Please return every record exactly, with no pictures included.
======
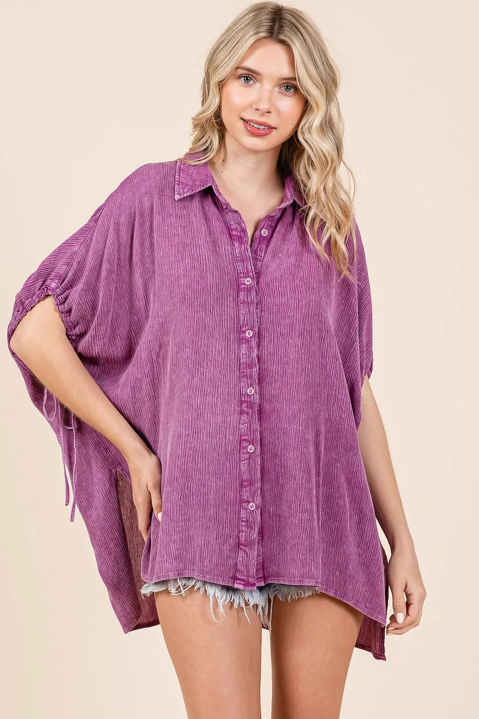 Mittoshop Mineral Wash Loose Fit Button Down Shirt
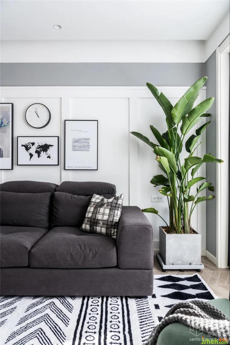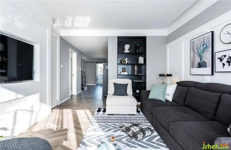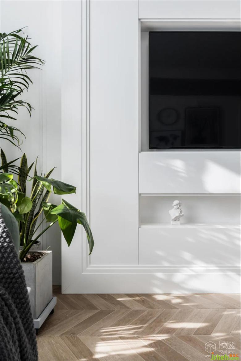 客厅的墙面整体装修公司以白色为主色调,配以柔和的浅灰色,在小城漫长而漆黑的凛冬里,使得整个空间保持视野开阔,色彩统一均匀而明亮。
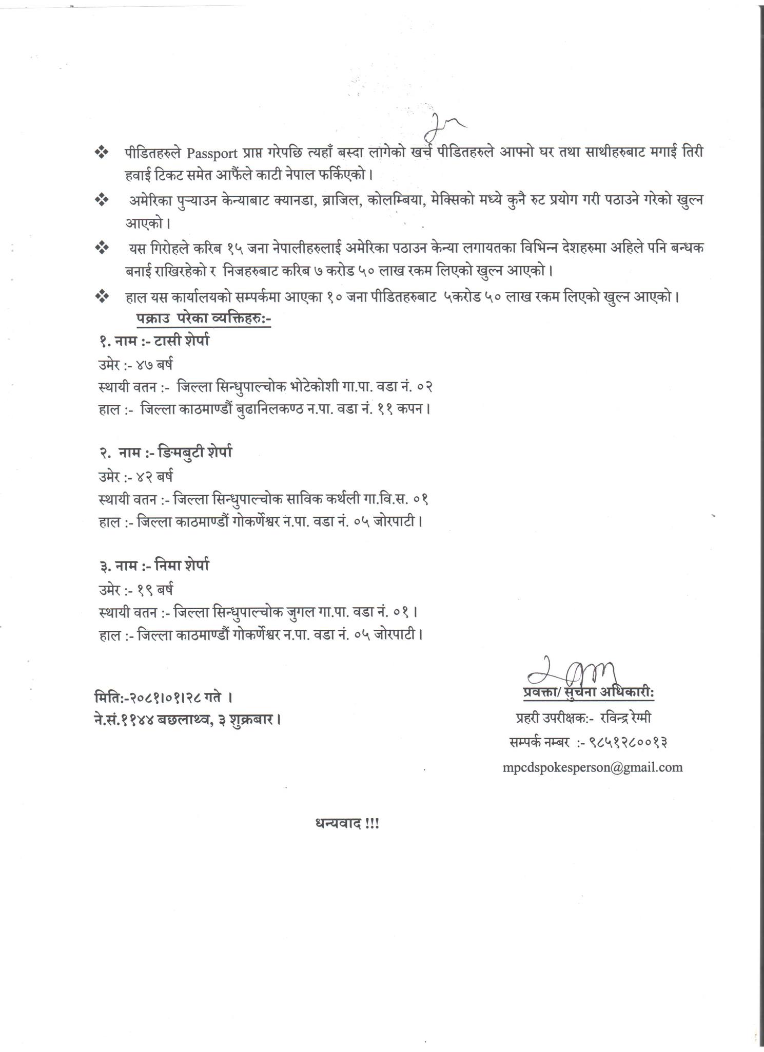 उनीहरुलाई थप अनुसन्धान तथा कारबाहीको लागि मानव तस्करी गरी ठगी गरेका अपराधमा प्रहरी परिसर टेकु काठमाडौँ पठाइएको छ ।
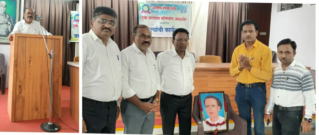 अमळनेर : येथील धनदाई महाविद्यालया च्या यशवंत सभागृहात मराठा सेवा संघ व युवा कल्याण प्रतिष्ठान तर्फे नुकतीच दिनांक २७ जुलै रोजी अण्णाभाऊ साठे जयंतीच्या पार्श्वभूमीवर वक्त्यांची कार्यशाळा भरविण्यात आली. विचार मंचावर युवा कल्याण प्रतिष्ठानचे अध्यक्ष प्रा. अशोक पवार, कार्यक्रमाचे उद्घाटक व्हॉइस ऑफ मीडिया साप्ताहिक विंग चे जिल्हाध्यक्ष संजय सूर्यवंशी, मार्गदर्शक प्रा. डॉ. राहुल निकम उपस्थित होते. सुरुवातीला मान्यवरांच्या हस्ते अण्णाभाऊ साठे यांच्या प्रतिमेचे पूजन करण्यात आले. प्रा. अशोक पवार यांनी प्रास्ताविक केले. यानंतर युवा कल्याण प्रतिष्ठान च्या वतीने संजय सूर्यवंशी यांना व्हॉईस ऑफ मीडिया साप्ताहिक विंग चे जिल्हाध्यक्ष पदी नियुक्ती झाल्याबद्दल शाल व भेटवस्तू देऊन सत्कार करण्यात आला.
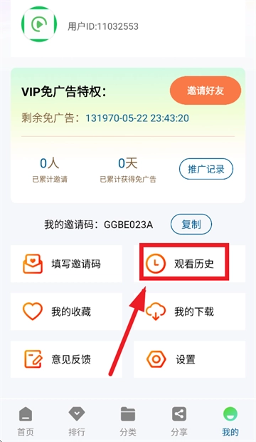 也可以在我的界面点击观看历史
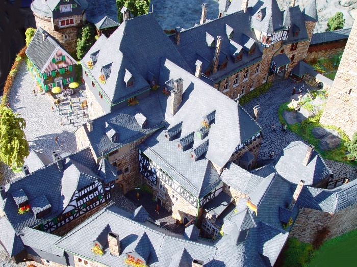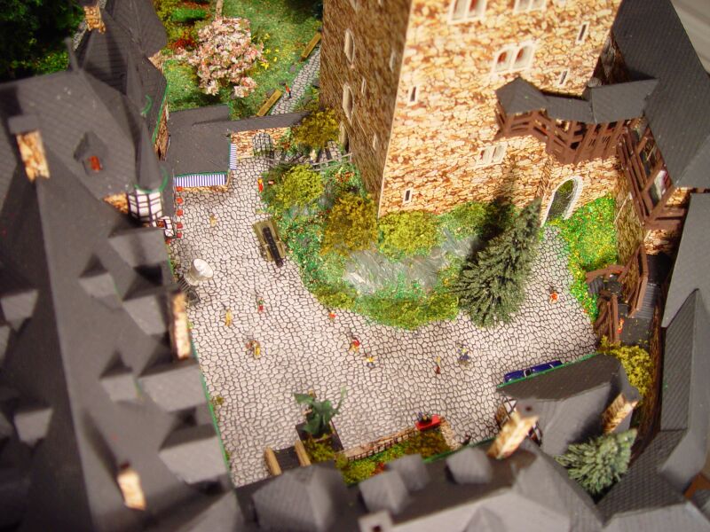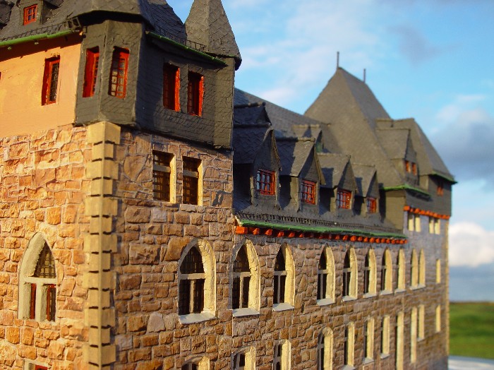 Weil in dem Modell der Eisenbahnfreude der Burghof mit Bergfried also ca 10 cm zu niedrig ist, hat auch der Bergfried nicht die richtige Höhe und schaut nur etwas über das Haupthaus hinaus.
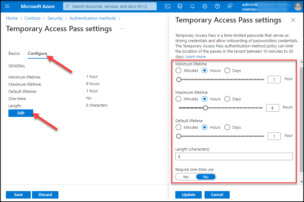 On the Configure tab, you can modify the default Temporary Access Pass settings, such as max/min lifetime, default lifetime, length & enable one-time usage. This step is optional and if you do not update, default values apply to all these parameters.
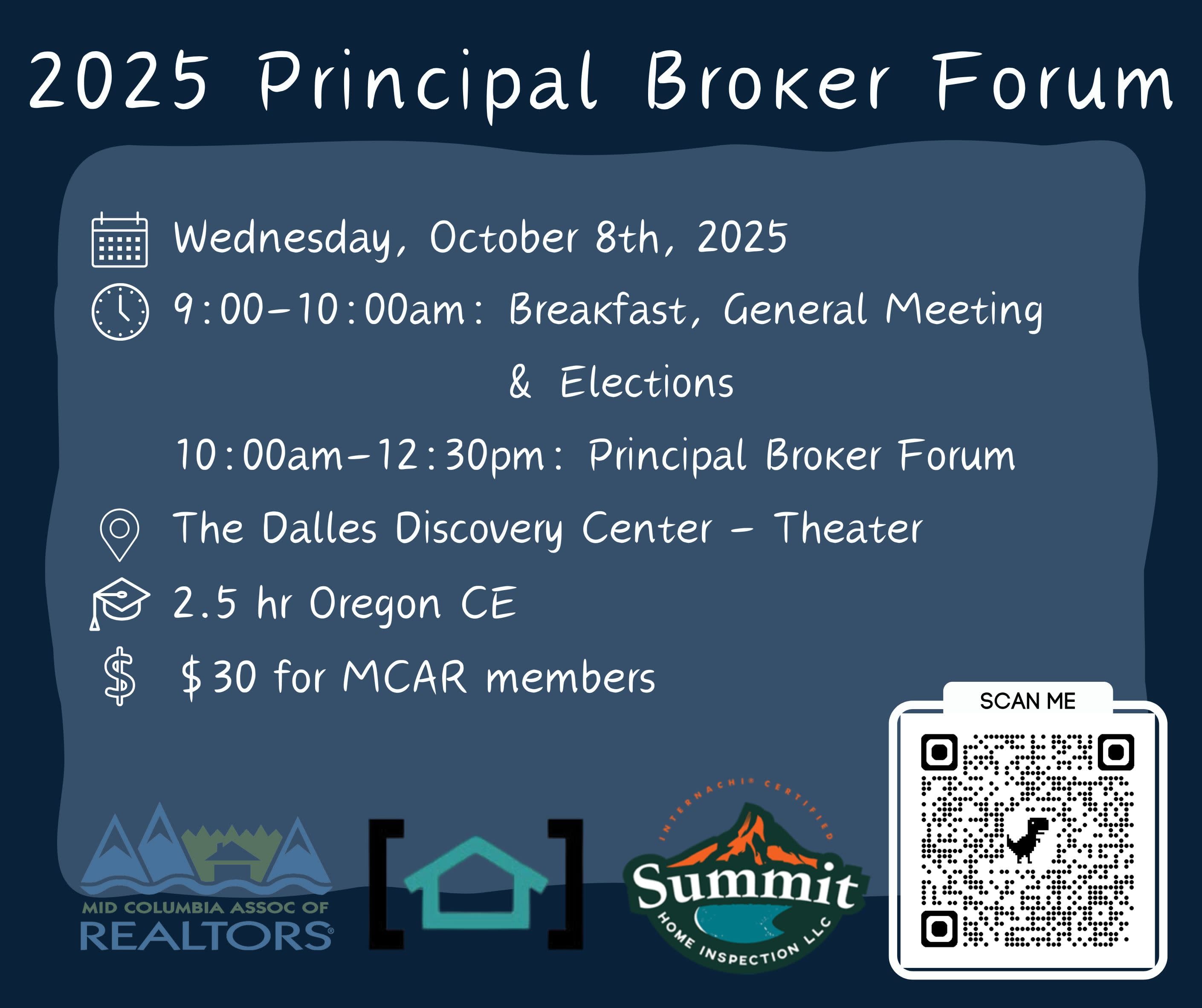 2025 Principal Broker Forum & MCAR General Elections Don’t miss this essential annual event! Hear directly from Principal Brokers as they share trends, challenges, and insights from real estate transactions and the market so far this year. Come prepared with your questions—members can submit them in advance (stay tuned for this opportunity) or ask during the panel as time allows. We’ll also be holding the MCAR General Elections, so your attendance is especially important. Enjoy complimentary breakfast and coffee as you connect, learn, and help shape the future of our association.
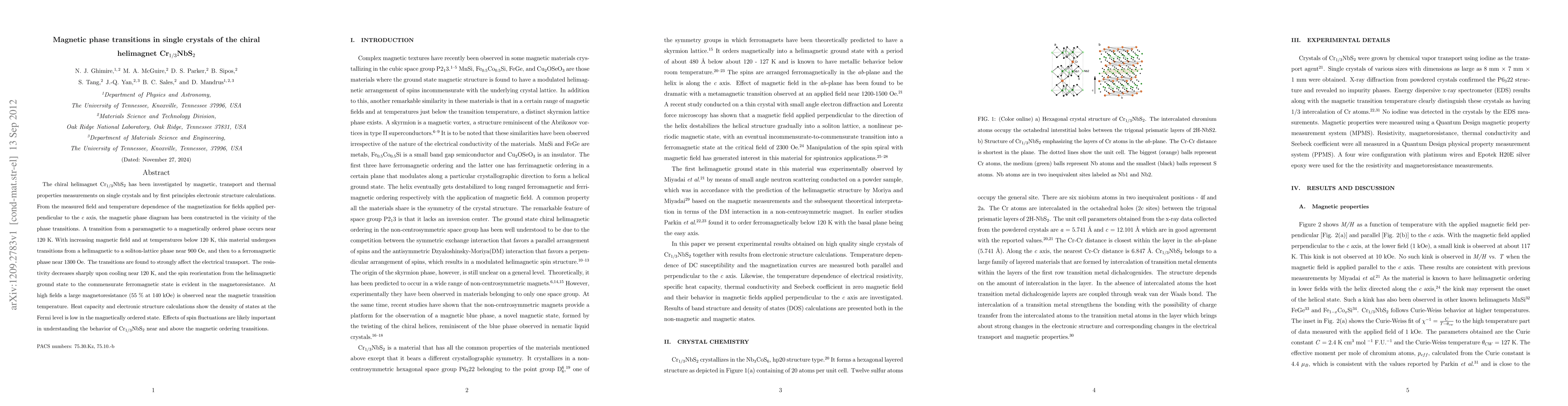 This study investigates the magnetic phase transitions in Cr1/3NbS2 single crystals, revealing transitions from paramagnetic to helimagnetic, soliton-lattice, and ferromagnetic phases with temperature and magnetic field. The transitions significantly affect electrical transport, with sharp resistivity decreases and large magnetoresistance observed near the magnetic ordering temperature.
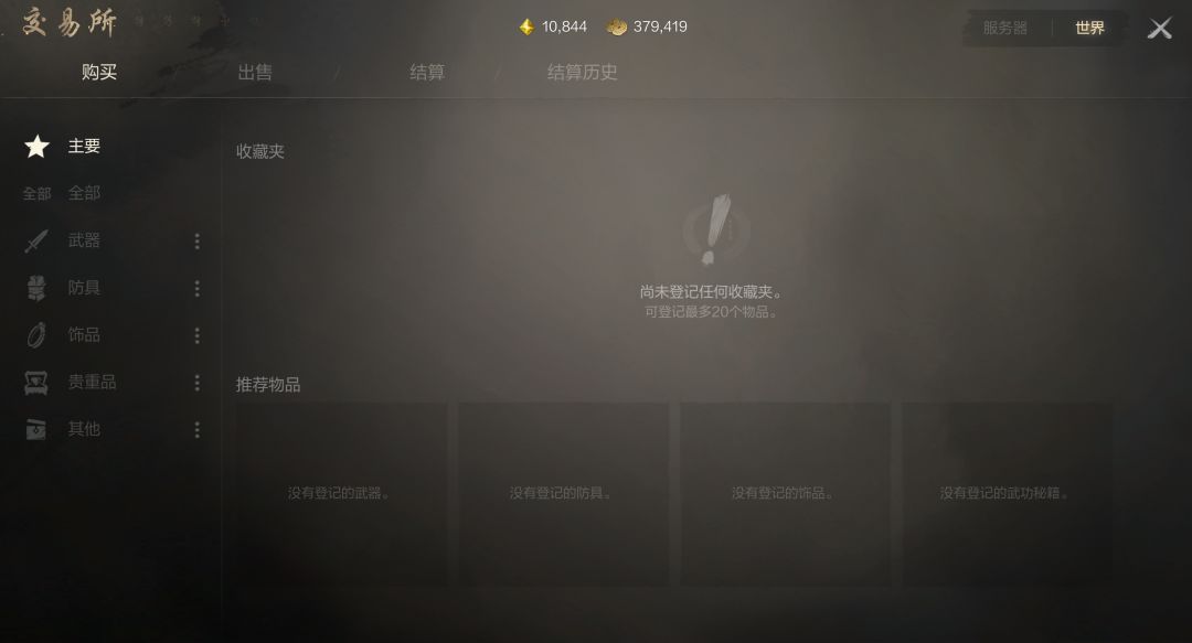 交易所分为副武器和世界两个部分,可以查看世界里道具价格进行比较。
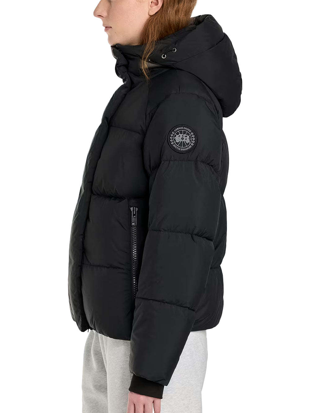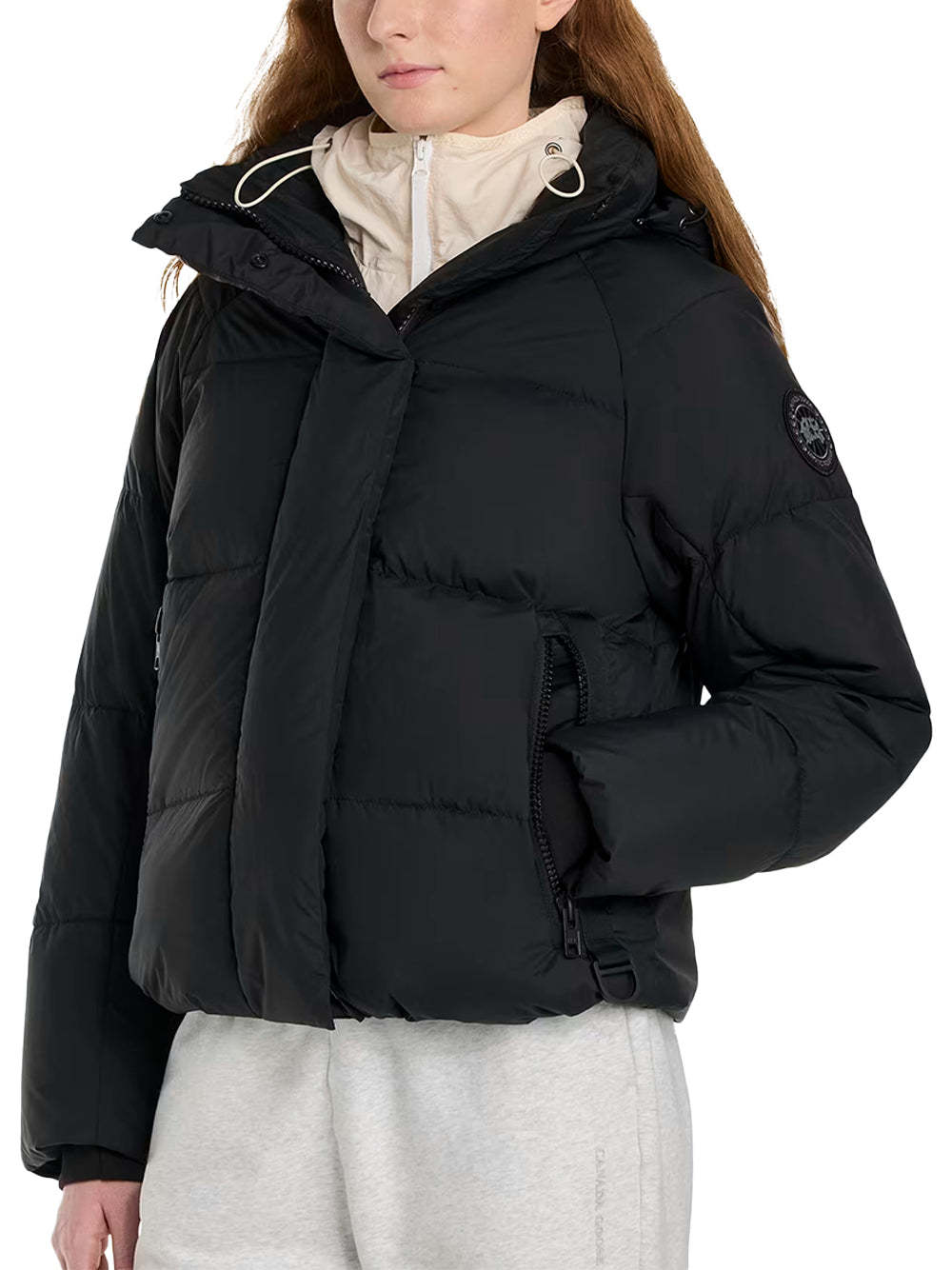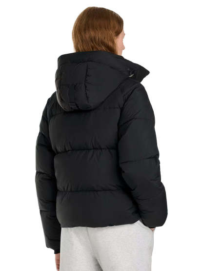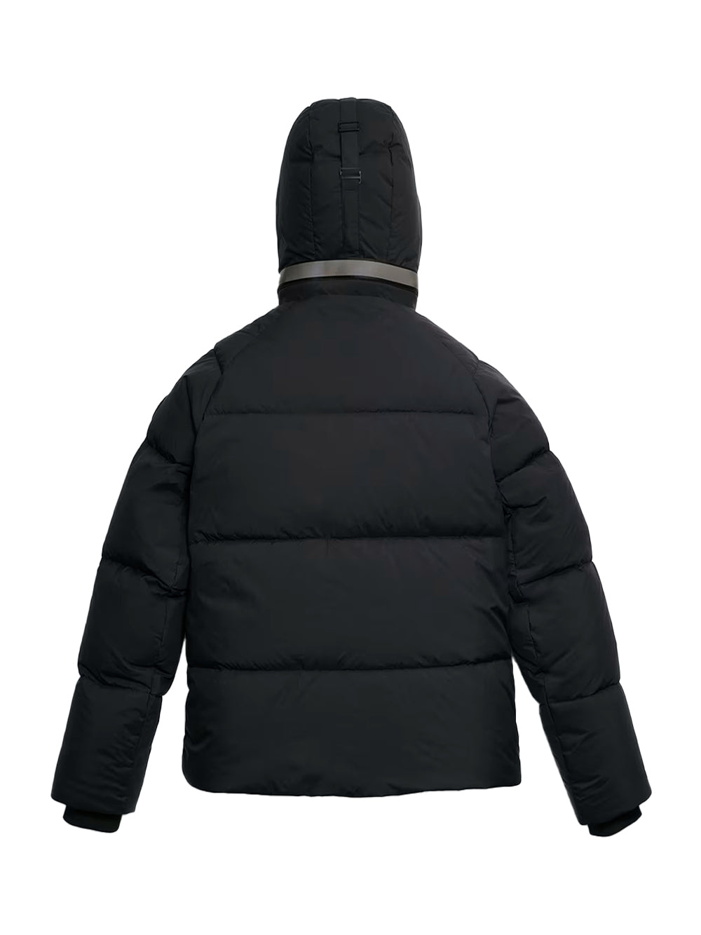 - Down-filled adjustable hood with drawcord
======
## RESULT FOR THIS TASK:
 Mittoshop Mineral Wash Loose Fit Button Down Shirt
 客厅的墙面整体装修公司以白色为主色调,配以柔和的浅灰色,在小城漫长而漆黑的凛冬里,使得整个空间保持视野开阔,色彩统一均匀而明亮。
 उनीहरुलाई थप अनुसन्धान तथा कारबाहीको लागि मानव तस्करी गरी ठगी गरेका अपराधमा प्रहरी परिसर टेकु काठमाडौँ पठाइएको छ ।
 अमळनेर : येथील धनदाई महाविद्यालया च्या यशवंत सभागृहात मराठा सेवा संघ व युवा कल्याण प्रतिष्ठान तर्फे नुकतीच दिनांक २७ जुलै रोजी अण्णाभाऊ साठे जयंतीच्या पार्श्वभूमीवर वक्त्यांची कार्यशाळा भरविण्यात आली. विचार मंचावर युवा कल्याण प्रतिष्ठानचे अध्यक्ष प्रा. अशोक पवार, कार्यक्रमाचे उद्घाटक व्हॉइस ऑफ मीडिया साप्ताहिक विंग चे जिल्हाध्यक्ष संजय सूर्यवंशी, मार्गदर्शक प्रा. डॉ. राहुल निकम उपस्थित होते. सुरुवातीला मान्यवरांच्या हस्ते अण्णाभाऊ साठे यांच्या प्रतिमेचे पूजन करण्यात आले. प्रा. अशोक पवार यांनी प्रास्ताविक केले. यानंतर युवा कल्याण प्रतिष्ठान च्या वतीने संजय सूर्यवंशी यांना व्हॉईस ऑफ मीडिया साप्ताहिक विंग चे जिल्हाध्यक्ष पदी नियुक्ती झाल्याबद्दल शाल व भेटवस्तू देऊन सत्कार करण्यात आला.
 也可以在我的界面点击观看历史
 Weil in dem Modell der Eisenbahnfreude der Burghof mit Bergfried also ca 10 cm zu niedrig ist, hat auch der Bergfried nicht die richtige Höhe und schaut nur etwas über das Haupthaus hinaus.
 On the Configure tab, you can modify the default Temporary Access Pass settings, such as max/min lifetime, default lifetime, length & enable one-time usage. This step is optional and if you do not update, default values apply to all these parameters.
 2025 Principal Broker Forum & MCAR General Elections Don’t miss this essential annual event! Hear directly from Principal Brokers as they share trends, challenges, and insights from real estate transactions and the market so far this year. Come prepared with your questions—members can submit them in advance (stay tuned for this opportunity) or ask during the panel as time allows. We’ll also be holding the MCAR General Elections, so your attendance is especially important. Enjoy complimentary breakfast and coffee as you connect, learn, and help shape the future of our association.
 This study investigates the magnetic phase transitions in Cr1/3NbS2 single crystals, revealing transitions from paramagnetic to helimagnetic, soliton-lattice, and ferromagnetic phases with temperature and magnetic field. The transitions significantly affect electrical transport, with sharp resistivity decreases and large magnetoresistance observed near the magnetic ordering temperature.
 交易所分为副武器和世界两个部分,可以查看世界里道具价格进行比较。
 - Down-filled adjustable hood with drawcord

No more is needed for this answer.